- Created by: Sarah Mlynowski, Lauren Myracle, and Emily Jenkins
- Original work: Upside-Down Magic

Print publications
- Novel(s): Upside-Down Magic; Sticks & Stones; Showing Off; Dragon Overnight; Weather or Not; The Big Shrink; Hide and Seek; Night Owl;
- Graphic novel(s): no

Films and television
- Television film(s): Upside-Down Magic

= Upside-Down Magic =

US children's fantasy book series and its franchise

Upside-Down Magic is a Scholastic book series by Sarah Mlynowski, Lauren Myracle, and Emily Jenkins. The series follows eight kids in a world with magical abilities: Elinor "Nory" Boxwood Horace, Elliott Cohen, Bax Kapoor, Andres Padillo, Pepper Phan, Marigold Ramos, Willa Ingeborg, and Sebastian Boondoggle.

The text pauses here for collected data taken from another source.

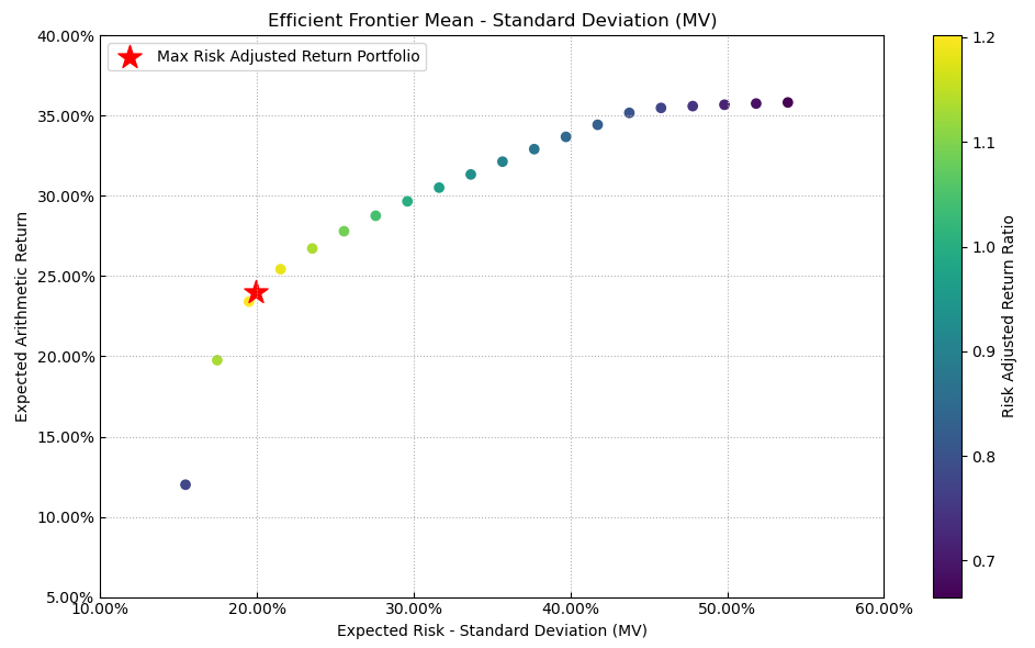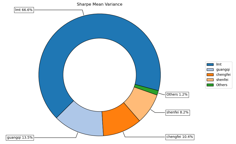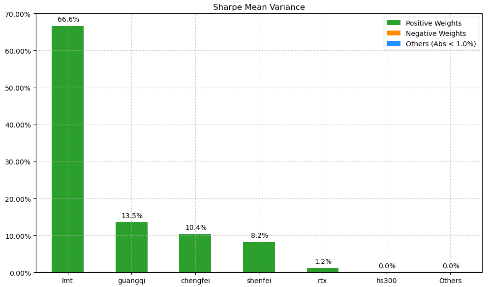 按最高夏普比率配置的话,系统给的权重为10.4%,最高权重给了美股的洛克希德马丁占比66.6%。(注:占比越高越好)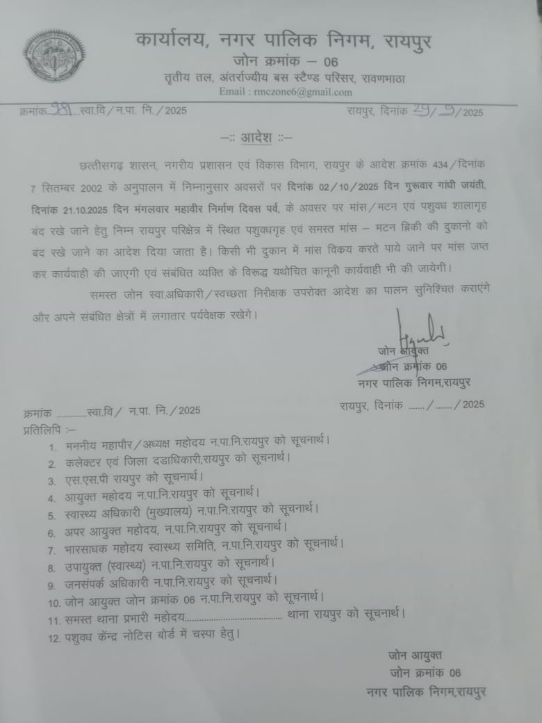 रायपुर । नगरीय प्रशासन एवं विकास विभाग के आदेशानुसार गांधी जयंती (2 अक्टूबर ) और महावीर निर्वाण दिवस (21 अक्टूबर) को रायपुर निगम परिक्षत्र में मांस-मटन बिक्री पर प्रतिबन्ध लगाया गया है। उक्त दिवस अगर किसी भी दुकान में मांस-मटन विक्रय करते पाए जाने पर यथोचित कानूनी कार्रवाई की जायेगी।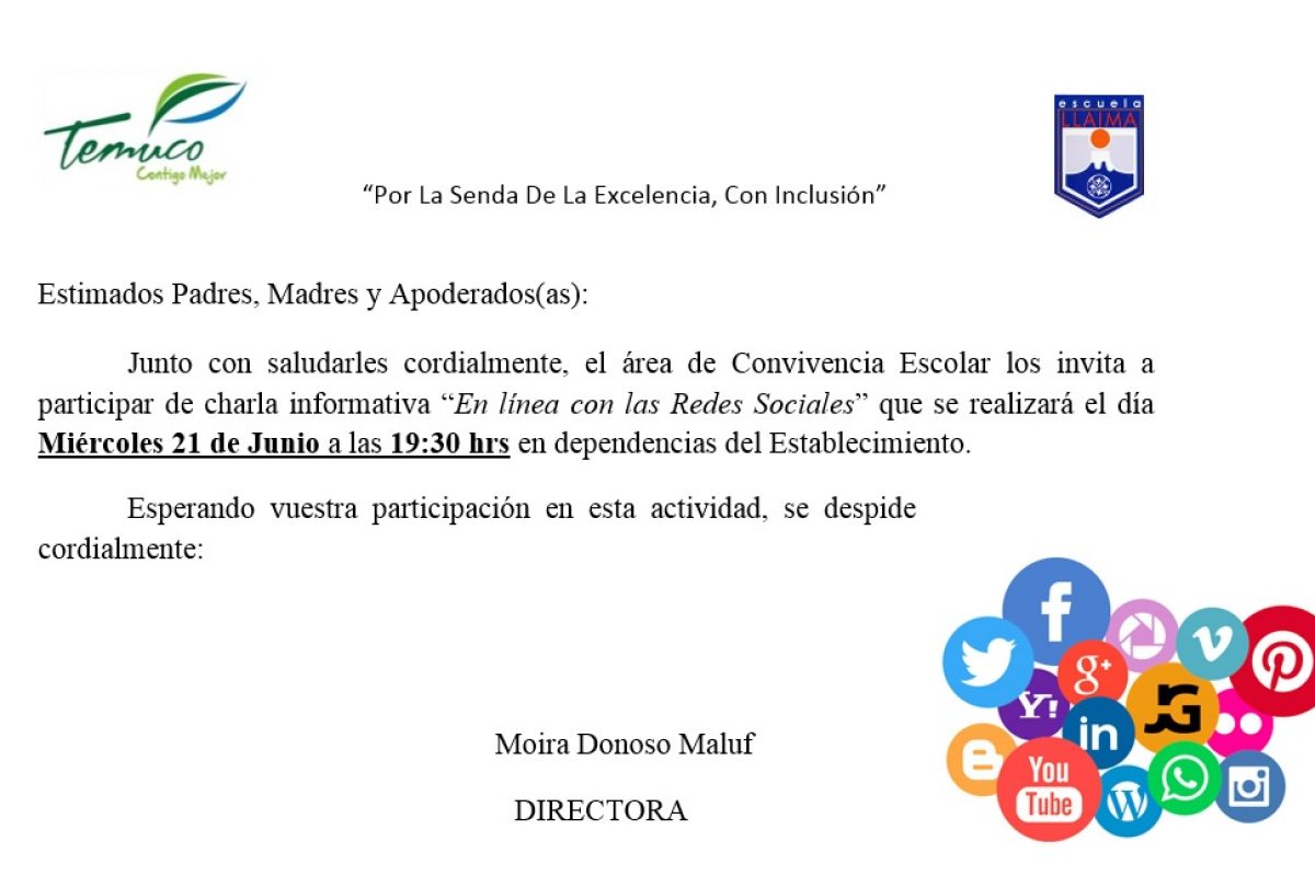 Junto con saludarles cordialmente, el área de Convivencia Escolar los invita a participar de charla informativa “En línea con las Redes Sociales” que se realizará el día Miércoles 21 de Junio a las 19:30 hrs en dependencias del Establecimiento.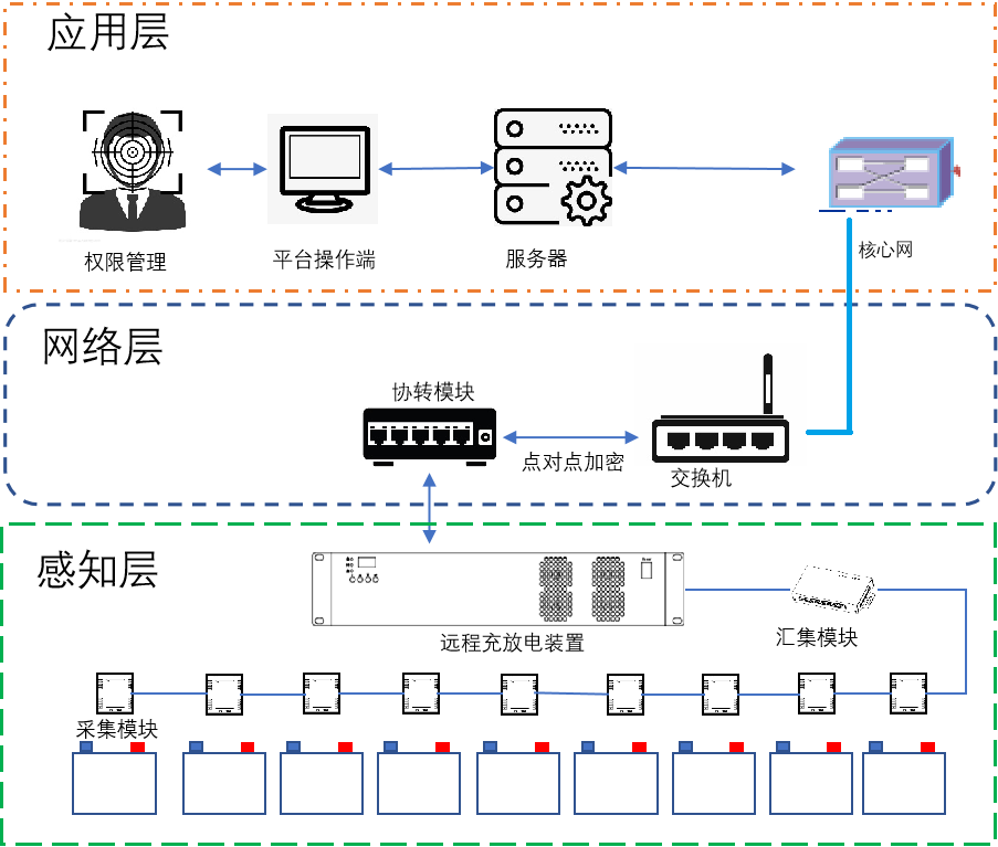 基于(yú)現有石化(huà)通信網絡(luò),研制以電(dian)池采集模(mó)塊和遠程(cheng)🌂充放🏃♀️電裝(zhuāng)置爲物理(li)感知層;各(gè)模塊間的(de)通訊及控(kòng)制爲網絡(luò)交互層;智(zhi)😄能運維平(ping)台軟件爲(wei)平台層的(de)蓄電池組(zǔ)遠程智能(neng)運維系統(tǒng)。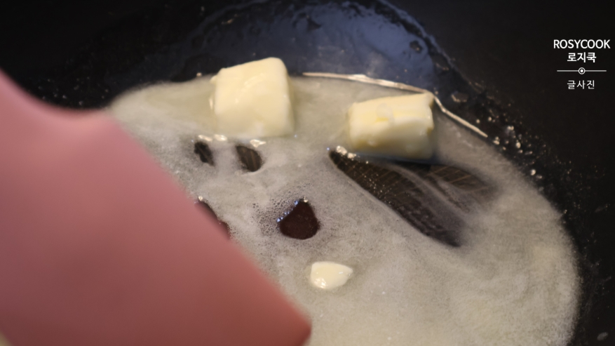 팬에 무염버터를 넉넉하게 두르고 녹여주세요.

It was adapted into a 2020 television film for Disney Channel.

==Novels==
1. Upside-Down Magic (2015)
2. Sticks & Stones
3. Showing Off
4. Dragon Overnight
5. Weather or Not
6. The Big Shrink
7. Hide and Seek
8. Night Owl

==Magic Types (in the book series)==
===Flyers===
Flyers have the power of levitation, starting out by staying a few feet above the floor. Advanced Flyers are able to transport others, or have telekinesis.

===Fuzzies===
Fuzzies can communicate with animals and start out feeding animals and later connect with them. Certain Fuzzies can understand animal language.

===Fluxers===
Fluxers can turn into animals. They mostly start out fluxing into kittens, then move on to more difficult animals. The protagonist Nory, is an upside-down fluxer, that can add certain aspects of multiple different animals at once, like the squid-puppy.

===Flares===
See Pyrokinesis for the psychic power similar to the Flare power

Flares can set things on fire, heat things up, and create flames. The fire typically appears from their hands, but some can produce it from their mouth.

===Flickers===
Flickers can make other things invisible or make themselves invisible. Powerful Flickers are able to select parts of an object to turn invisible. In the film, due to budget constraints, Flickers have telekinesis.

===Upside Down Magic (UDM)===
UDM is an unconventional power, usually a variant or opposite of the above five. For example, Bax Kapoor is a Fluxer who turns into rocks and other inanimate objects. Also, Elliot Cohen can produce ice and fire as a Flare. Sometimes it's just random, and not related to one of the five, like Marigold Ramos who has the ability to shrink objects.

=== Double-Talents ===
Double talents are rare and possess two types of magic. For example, Mitali is a Flare-Fluxer who turns into animals who are able to perform flare magic.

==Film adaptation==

Disney Channel optioned the book series in 2015. Production on a Disney Channel Original Movie starring Izabela Rose, Siena Agudong, Vicki Lewis, Kyle Howard, Elie Samouhi, Alison Fernandez, and Max Torina began in August 2019. The television film also features Cynthia Kaye McWilliams, Elaine Kao, Yasmeen Fletcher, Amitai Marmorstein, and Callum Seagram Airlie, and premiered on Disney Channel on July 31, 2020. In the film the only UDM students are Pepper Paloma (Alison Fernandez), Nory Horace (Izabela Rose), Elliot Cohen (Elie Samouhi), and Andres Padillo (Max Torina). A typical Flare named Reina Carvajal (Siena Agudong) is also introduced in the film.